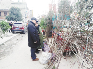 上圖 昨日上午,一位市民正在挑選果樹。又是一年春來到,眾多市民紛紛趁早春時節(jié)種植樹木。
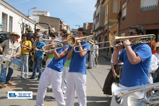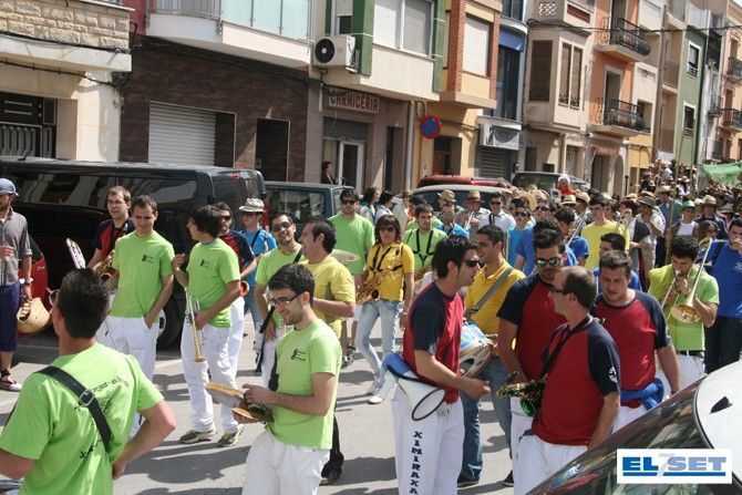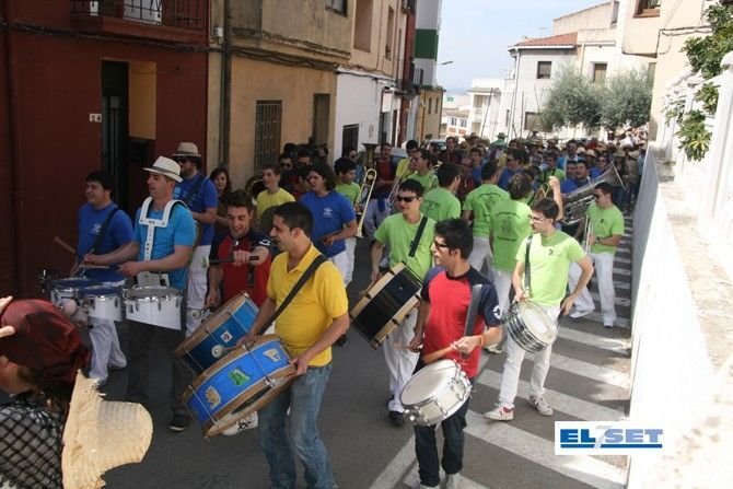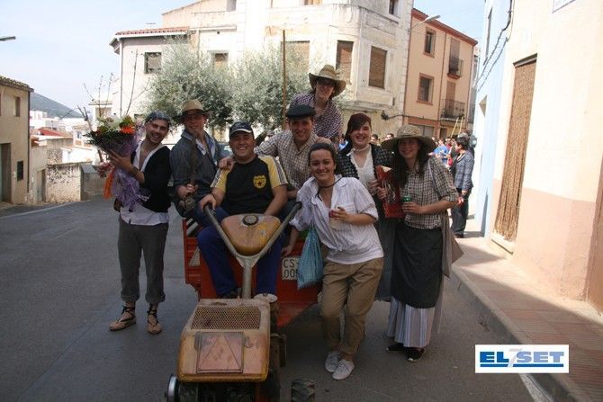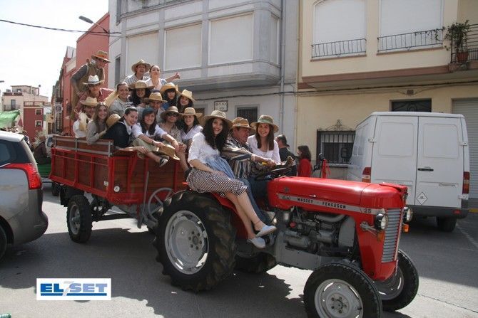 Los jóvenes participantes desfilaron sobre carros, motocultores y a pie por las calles de Cabanes, que se llenaron de curiosos para contemplar la colorida comitiva. El recorrido estuvo amenizado por varias charangas de la comarca, compuestas por músicos de Les Coves, Vilafamés o Salzadella, entre otras localidades.
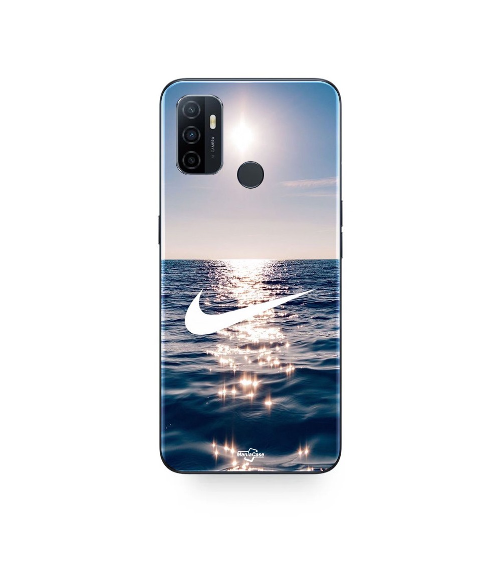 Coque Oppo A32 nike logo blanc mer soleil
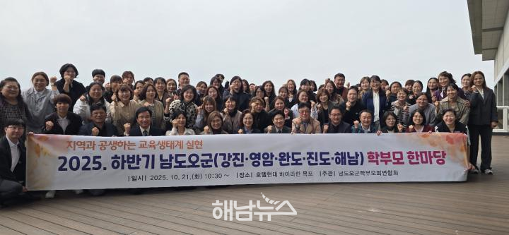 전라남도해남교육지원청(교육장 조연주)은 10월 21일(화) 해남 산이정원과 호텔현대 바이라한 목포에서 강진, 영암, 완도, 진도, 해남 등 5개 교육지원청 교육장과 학부모회 임원 100여 명이 참여한 가운데 「2025 하반기 남도오군 학부모 한마당」을 성공적으로 개최했다고 밝혔다.
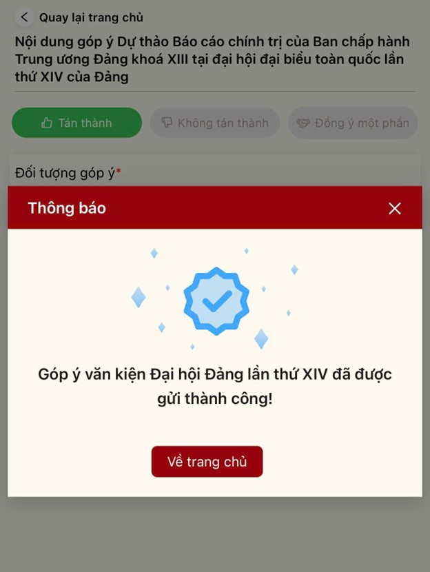 Bước 3: Màn hình hiển thị thông báo gửi góp ý về dự thảo các văn kiện Đại hội Đảng thành công. Nhấn “Về trang chủ” để quay lại màn hình danh sách dự thảo các văn kiện Đại hội.

■ ■ ■

Leave the pictures out and please restate exactly the lines running from the start of the material through the one with "전라남도해남교육지원청(교육장 조연주)은 10월".

* Result of the exercise:
 上圖 昨日上午,一位市民正在挑選果樹。又是一年春來到,眾多市民紛紛趁早春時節(jié)種植樹木。
 Los jóvenes participantes desfilaron sobre carros, motocultores y a pie por las calles de Cabanes, que se llenaron de curiosos para contemplar la colorida comitiva. El recorrido estuvo amenizado por varias charangas de la comarca, compuestas por músicos de Les Coves, Vilafamés o Salzadella, entre otras localidades.
 Coque Oppo A32 nike logo blanc mer soleil
 전라남도해남교육지원청(교육장 조연주)은 10월 21일(화) 해남 산이정원과 호텔현대 바이라한 목포에서 강진, 영암, 완도, 진도, 해남 등 5개 교육지원청 교육장과 학부모회 임원 100여 명이 참여한 가운데 「2025 하반기 남도오군 학부모 한마당」을 성공적으로 개최했다고 밝혔다.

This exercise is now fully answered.